Check the DNS listen port field immediately. It is easy to accidentally set this to 0 while editing other settings. Port 0 disables dnsmasq DNS entirely, breaking the Unbound → dnsmasq chain and causing all .internal resolution to fail. Set it back to 53053 and restart dnsmasq.

Stale DNS record after IP change

Clear cache at every layer in order:

  1. AdGuard → Settings → DNS settings → Clear cache
  2. Restart Unbound (flushes cache on reload if enabled)
  3. Client: sudo systemctl restart systemd-resolved (Linux) or ipconfig /flushdns (Windows)

Client not receiving correct DNS via DHCP

Check Services → Dnsmasq DNS & DHCP → DHCP options — confirm option 6 is set for the client's VLAN interface with the correct AdGuard IP.

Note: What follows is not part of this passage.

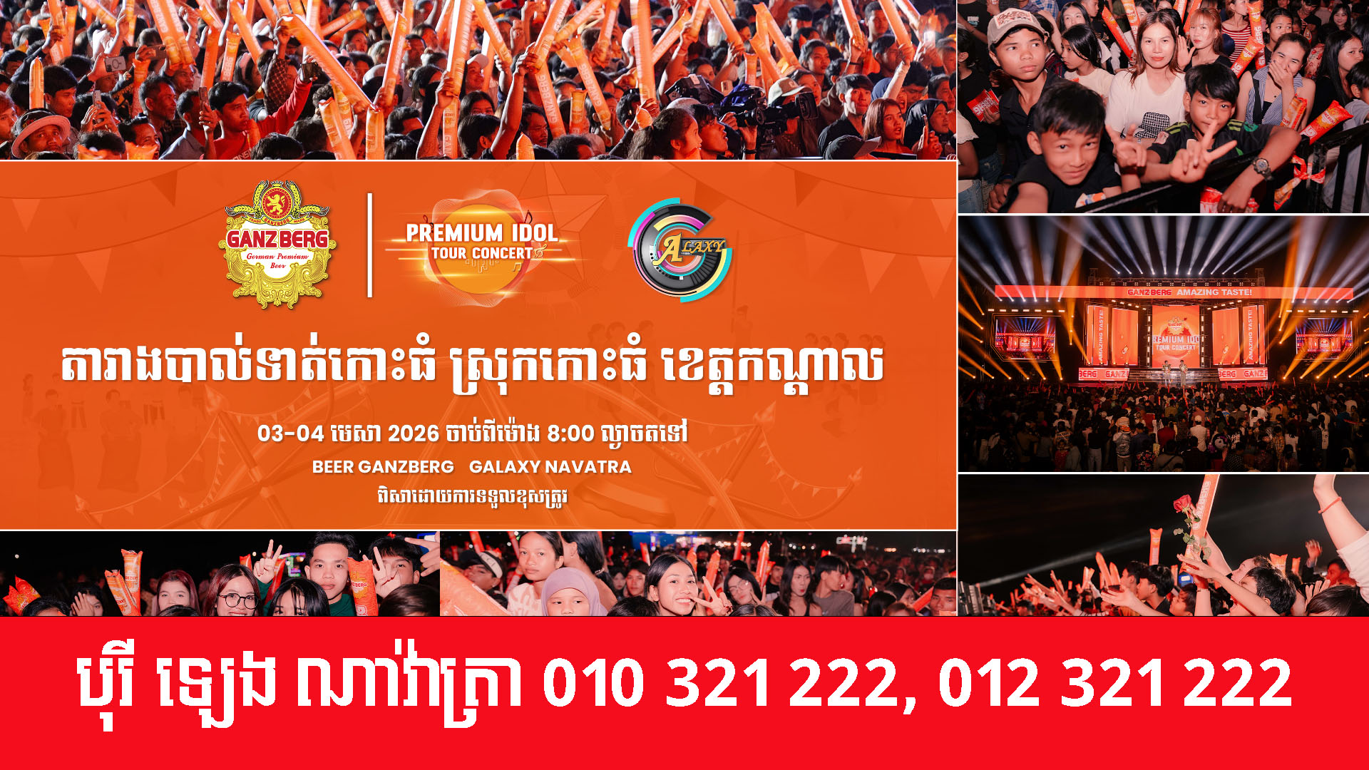កៀកថ្ងៃចូលឆ្នាំថ្មីប្រពៃណីខ្មែរហើយ ព្រឹត្តិការណ៍ប្រគំន្រ្តី GANZBERG PREMIUM IDOL TOUR CONCERT ត្រៀមនឹងចុះទៅ Surprise បងប្អូនអ្នកកោះធំ ខេត្តកណ្តាល មុនគេដើម្បីអបអរបុណ្យចូលឆ្នាំថ្មីប្រពៃណីខ្មែរ បើមិនបានចូលរួម ប្រយ័ត្នស្តាយក្រោយ ពីព្រោះកំពូលតារាចម្រៀងល្បីៗបានត្រៀមនូវបទចម្រៀងថ្មីៗជាច្រើនដើម្បីសម្តែង និងច្រៀងឱ្យរង្គើឆាក GANZBERG ។ ជាក់ស្តែងនៅថ្ងៃទី០៣ ខែ មេសា ឆ្នាំ ២០២៦ ជួបជាមួយកំពូលតារាចម្រៀងល្បីៗប្រចាំនៅក្នុងផលិតកម្ម ហ្គាឡាក់ស៊ី ណាវ៉ាត្រា ដូចជាលោក ព្រាប សុវត្ថិ , ខេម , ខាន់ ជេមស៌ , កញ៉ា ហ៊ិន លីដា និងកញ្ញា អែមមី ព្រមទាំងតារាចម្រៀងជាច្រើនរូបទៀត ។ ចំណែកនៅថ្ងៃទី ០៤ ខែ មេសា ឆ្នាំ ២០២៦ ឯណោះវិញ ជួបជាមួយលោក គូម៉ា , Tempo កញ្ញា ខាត់ សួស្តី ព្រមទាំងតារាចម្រៀងវ័យក្មេងសំឡេងពីរោះជាច្រើនរួប នឹងត្រៀមនឹងមកអង្រួញឆាកតន្រ្តី GANZBERG PREMIUM IDOL TOUR CONCERT ឱ្យក្រើកមេឃរញ្ជួយដីម្តងជាមួយនិងបទចម្រៀងប្រពៃណីត្រៀមស្វាគមន៍ឆ្នាំថ្មី ។

Verify what DNS the client actually received: 

resolvectl status          # Linux
ipconfig /all              # Windows

Docker containers cannot resolve .internal hostnames

Docker containers use their own DNS configuration and do not automatically use the host's DNS settings. Add the VLAN gateway as an explicit DNS server in the container's compose file:

services:
  myservice:
    dns:
      - 10.10.30.1   # VLAN gateway IP — replace with your LAB/SERVERS gateway

Without this, containers query Docker's internal DNS (127.0.0.11) which cannot resolve .internal hostnames.

Rogue DNS bypass not being caught

Verify NAT port forward rules exist for each VLAN under Firewall → NAT → Port Forward and that the destination invert is checked.